Additionally, ShardSecure offers strong data privacy and sovereignty to support the confidentiality and compliance of financial services data. Our technology has been validated to meet Use Case 5 of Schrems II under the GDPR, and it supports a stronger cybersecurity posture in support of other cross-border regulations.
Finally, by leveraging interfaces like S3-compatible API for object storage and iSCSI for block storage, the ShardSecure platform is able to reduce complexity in multi-cloud architectures.
Conclusion: The ongoing challenge of resilience for US financial institutions
The US Treasury report notes that the cloud may be more resilient and secure than on-premises environments, but only if configured with that intention. And the burden is squarely on the financial institutions. “To be effective,” the report explains, “the shared responsibility model relies on clients having the expertise, tools, and information necessary to execute their responsibilities and to ensure the contracted cloud service reflects their desired risk tolerance.”

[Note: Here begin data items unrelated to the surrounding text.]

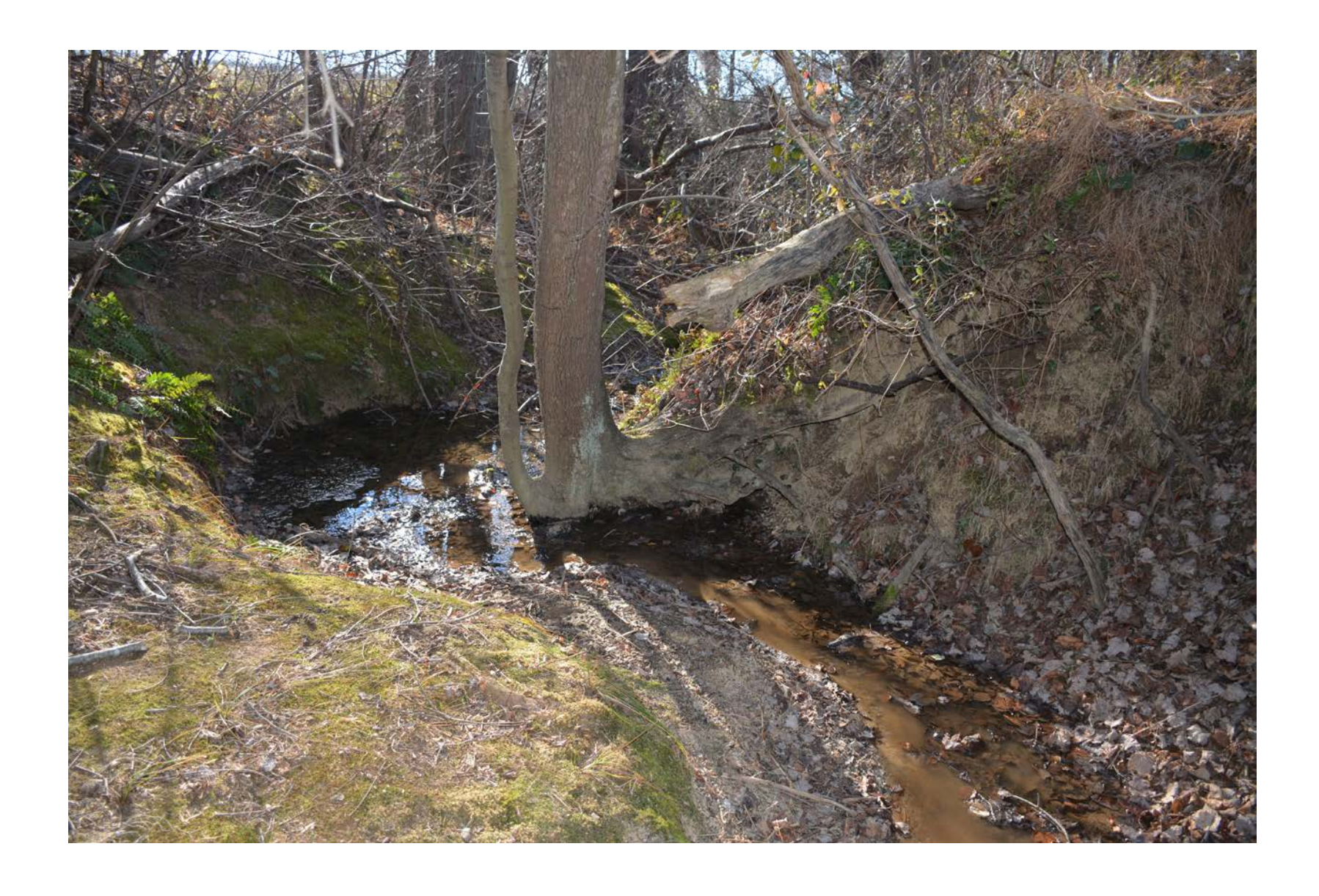
Before – Meander migration with sheer banks, more exposed roots and woody debris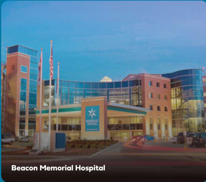
Beacon Memorial Hospital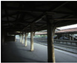
hawthorn railway station platform detail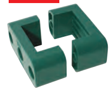
Series A Sensor Clamps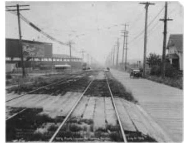
Rainier Avenue streetcar line near Dugdale Park, 1915.

Because of the predominantly Italian population, the north end of the Rainier Valley became known as “Garlic Gulch” or “Little Italy.” This neighborhood centered on South Atlantic Street and Rainier Avenue South.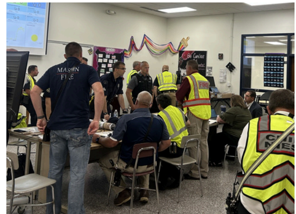
District leaders worked alongside local police and fire officials in a mock incident command scenario during the AVI.

Mason Public Schools would like to thank the dedicated law enforcement officers, firefighters, and emergency medical personnel who gave their time and expertise to make this training possible. Their partnership helps ensure our schools remain safe and prepared.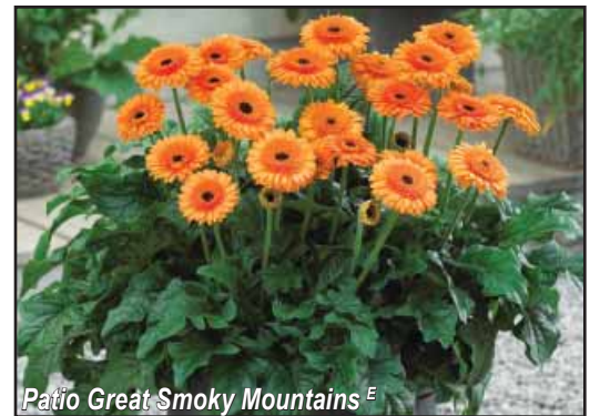
Patio Great Smoky Mountains E

The Gerbera Garvinea series boasts true garden performance from a gerbera. The smaller flowers are more numerous than in pot plant types. Garvinea gerbera serve well for early spring production, tolerating a light frost once established and are hardy in mild climates (Zone 7+). Produced from tissue culture. Allow 12-14 weeks to finish earlier crops, 10-12 weeks to finish later crops. Garvineas finish nicely in 6" or gallon pots, one plant per pot.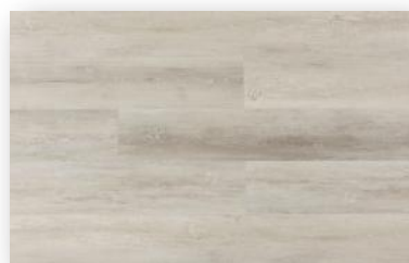
PALMIILA SAND AW 102306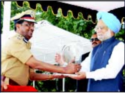
Token of affection presented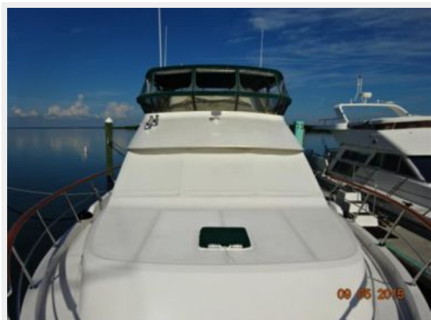
54' Ocean Alexander foredeck aft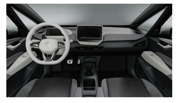
Standard from ID.3 Business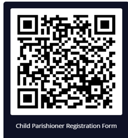
Child Parishioner Registration Form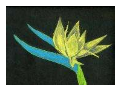
5. Using a dark violet pastel, add shadows to the yellow petals. Look carefully at the photo reference below for the shadows!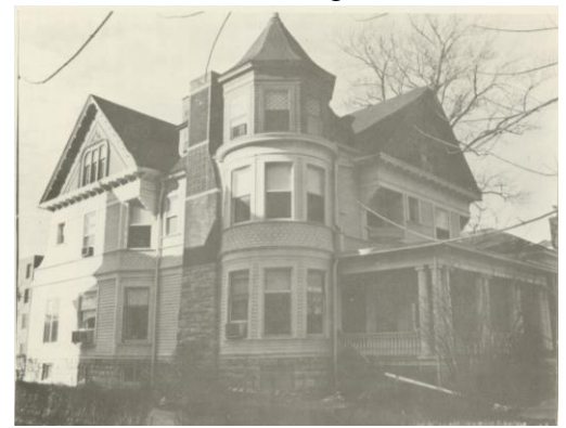
The Black House at 1914 Sheridan Road

Women's Christian Association's (YWCA) segregated Clay Avenue facility for African American women and girls from the 1920s to 1950s. It is a fascinating story of black women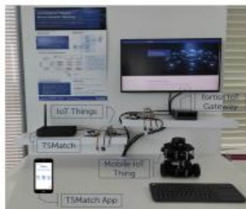
Fig. 3. The TSMatch demonstrator at the forties IIoT Lab.

We have established a TSMatch testbed on the forties IIoT Lab 14 based on the operational requirements generated from the TSMatch integration on real-world industrial use-cases, as shown in Fig. 4. As shown in Figure 3, the testbed consists of the following parts: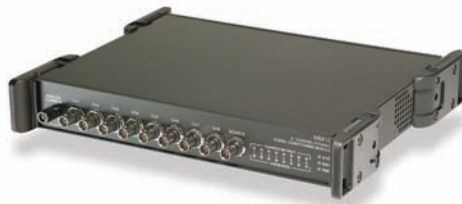
The WBK18 provides a full set of features for making dynamic signal measurements

The ZonicBook's 8 built-in channels can be expanded in 8-channel increments by attaching the WBK18 option, up to a total of 56 analog input channels. Each WBK18 adds 8 channels having the identical features as the ZonicBook's 8 built-in channels. Unlike other analyzers, expansion channels are nearly one third of the cost of the main unit, and thus a large system can be assembled with increasingly lower cost per-channel. Each WBK18 adds approximately 1.5 inches (3.81 cm) in height to the system and 1.3 kg (2.9 lbs) in weight.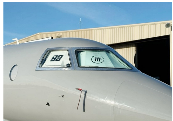
Gulfstream G200 Cockpit Heatshields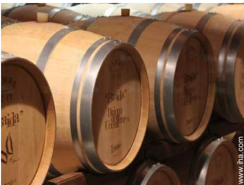
cellar and wine tasting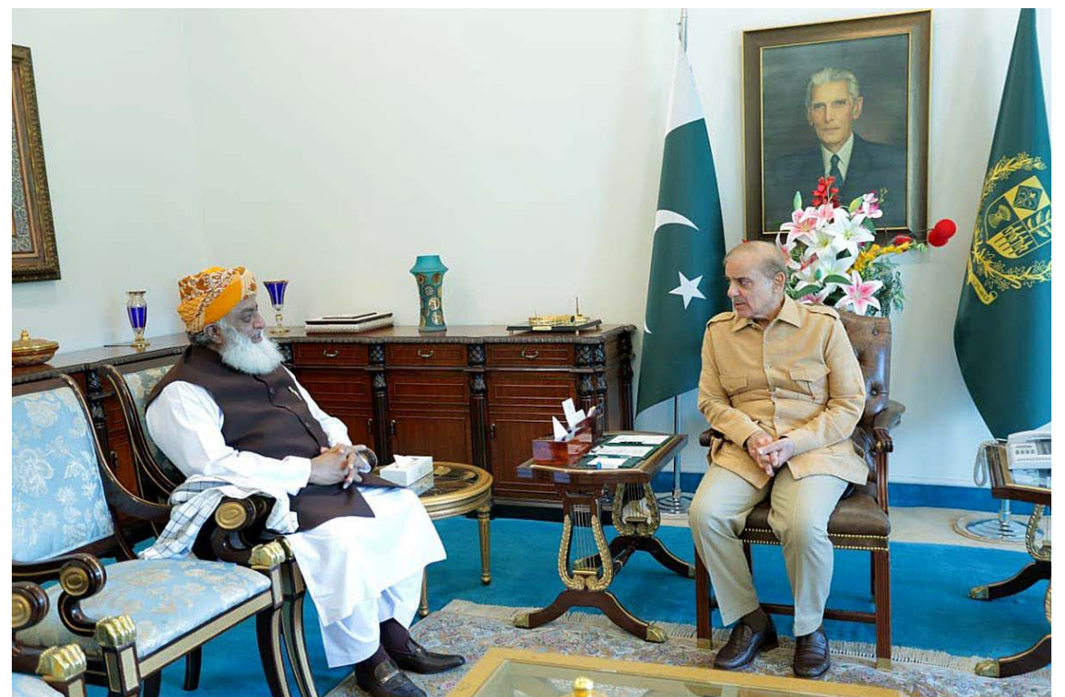
ISLAMABAD: JUI-F Chief Maulana Fazl ur Rehman calls on PM Shehbaz Sharif.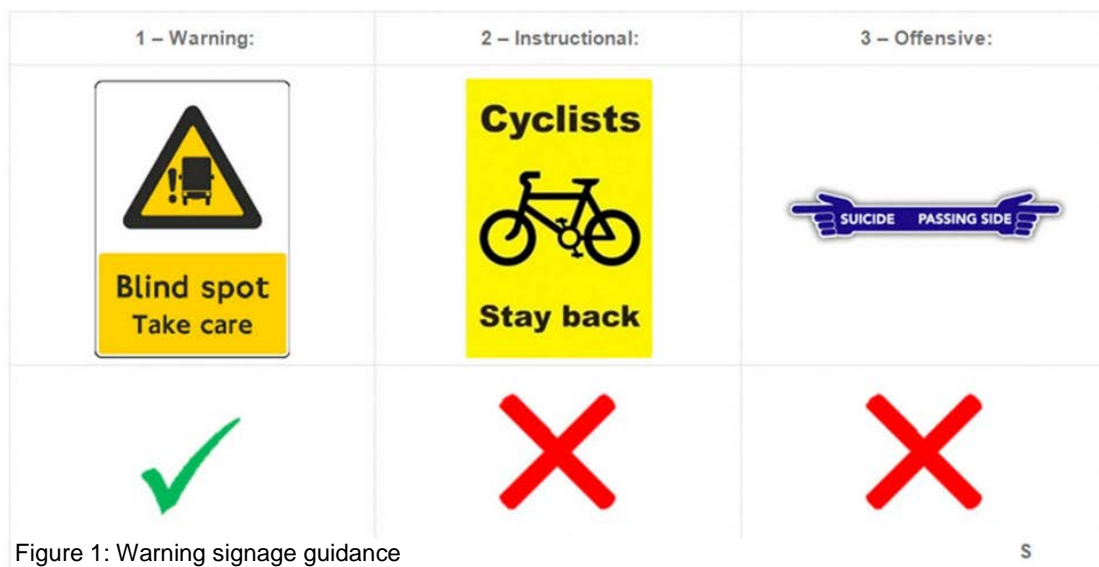
Figure 1: Warning signage guidance

Warning signage shall be A4 or equivalent size unless this is not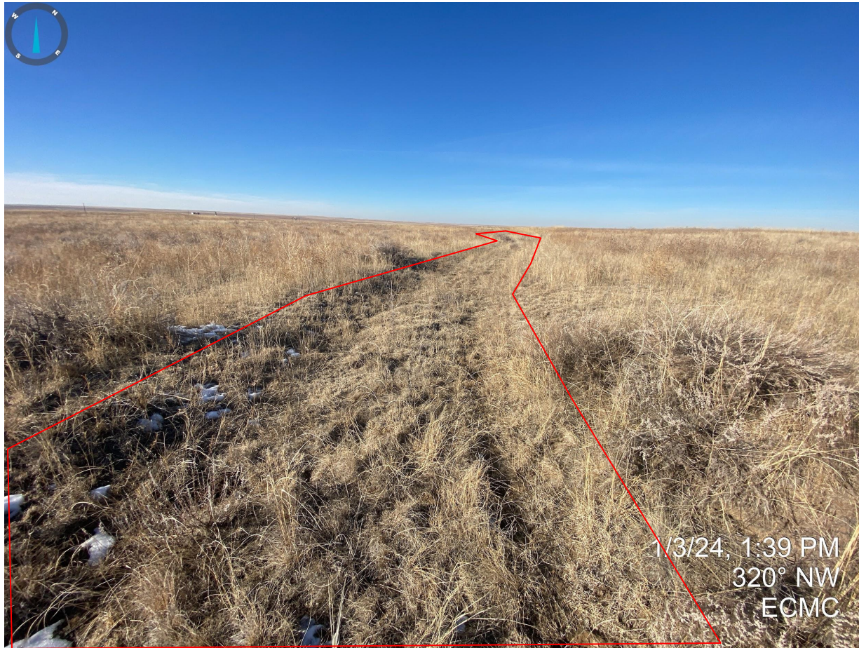
Photo 3. Looking north from the location along the access road. It does not appear that the access road has been contoured/regraded to reflect pre-disturbance levels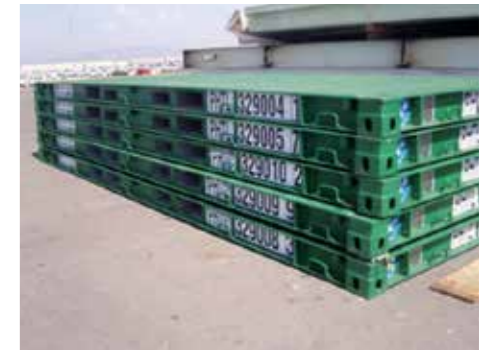
Bolsters (for large quantities of small cargo e.g. paper or steel reels)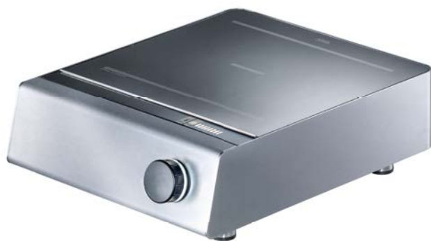
INSTINCT Hob 3.5/5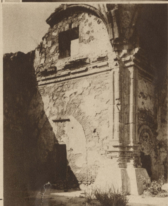
Not a light and shadow effect of Rheims Cathedral but one of our early California Missions.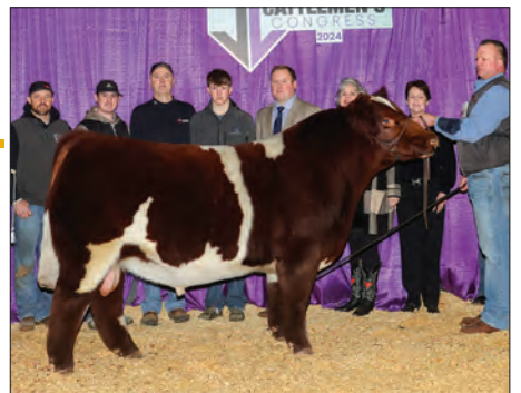
BFS LCCC AFLC DIRECT DEPOSIT 2254 ET 2023-24 ASA Show Bull of the Year Sire of Lot 35A

{ HILL HAVEN FIRE STORM 28C BFS MARGIE RAD 423 ET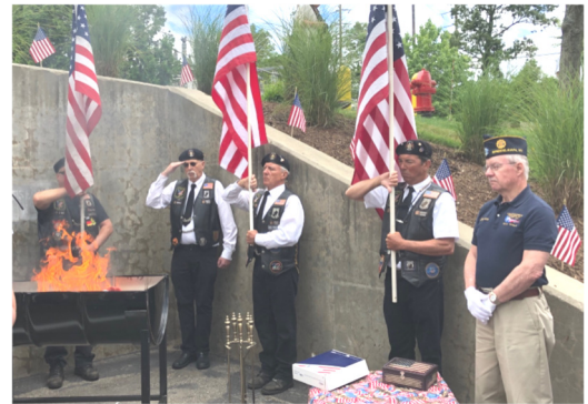
Covanta Flag Day Ceremony June 14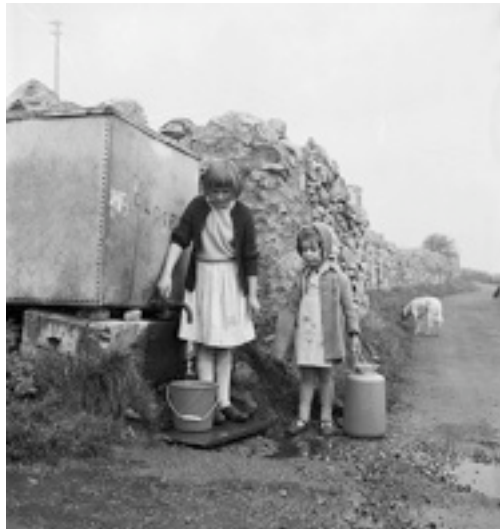
Irish Traveller girls carrying water, Anglesey 1962

“THEY PUT ME IN A CORNER, IN A WARD BY MYSELF, TOLD ME I WAS ‘DIRTY’”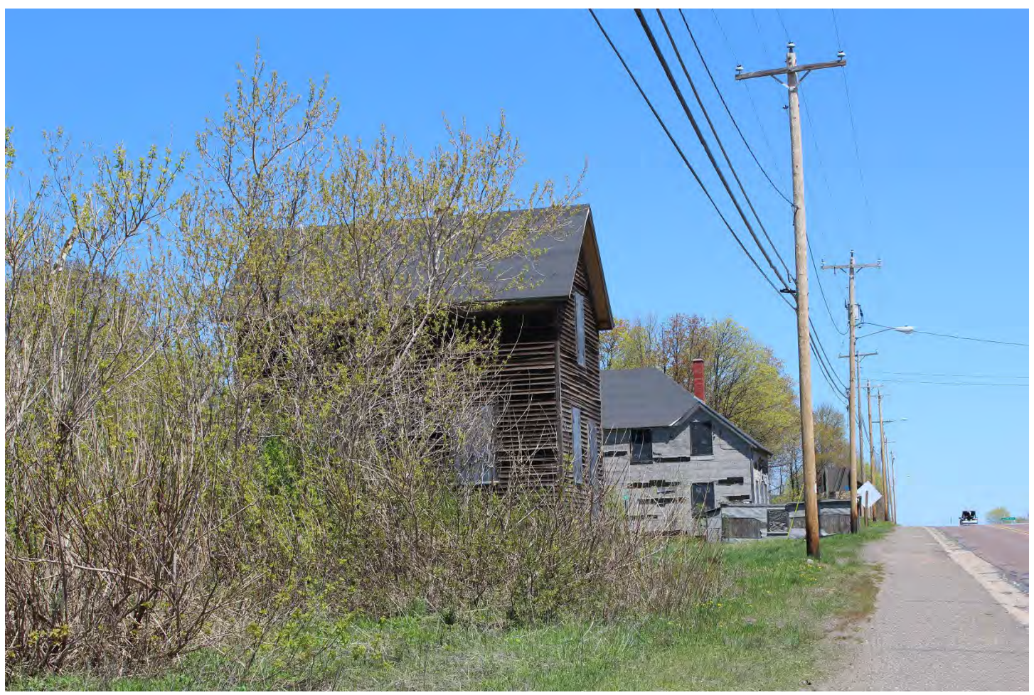
Quincy Hill Housing and Mine Management Landscape Character Area 2. Limerick Housing Location, Residences along US-41 (left to right: MAP ID#s 085 and 086).

United States Department of the Interior, National Park Service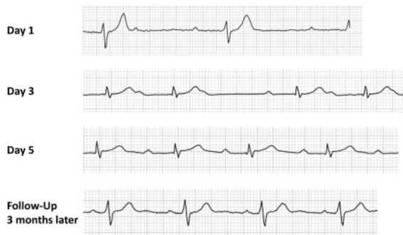
Figure 2 The electrocardiographic progression of a patient with Lyme carditis presenting with third-degree atrioventricular block under antibiotic treatment.

Serologic testing for Lyme disease consists of an initial borrelia antibody (IgG/IgM) screening test. Positive results must be confirmed by western blot assay. In addition, it is necessary to exclude a current Syphilis disease, because it can interfere with the borrelia antibody test.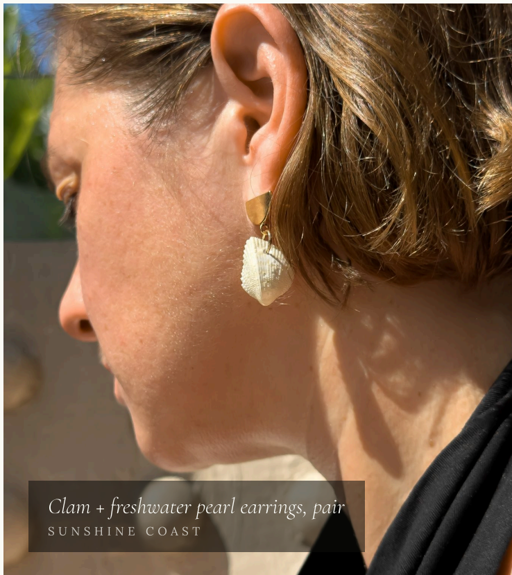
Clam + freshwater pearl earrings, pair SUNSHINE COAST

Unfortunately, the challenges to resilience in the cloud are significant. The financial services sector faces ongoing difficulties in recruiting and retaining talent to manage cloud migration, with most institutions either retraining or hiring team members to manage their cloud environments. It also faces cloud environments that evolve rapidly, vary widely from provider to provider, and are not always built with user design or clarity in mind.
ShardSecure is committed to helping organizations strengthen their data resilience while retaining control of their data in multi- and hybrid-cloud environments. With self-healing data capabilities, high availability, simple integration, and agentless file-level protection, our platform supports financial services companies in maintaining the accuracy, privacy, and availability of their critical cloud data.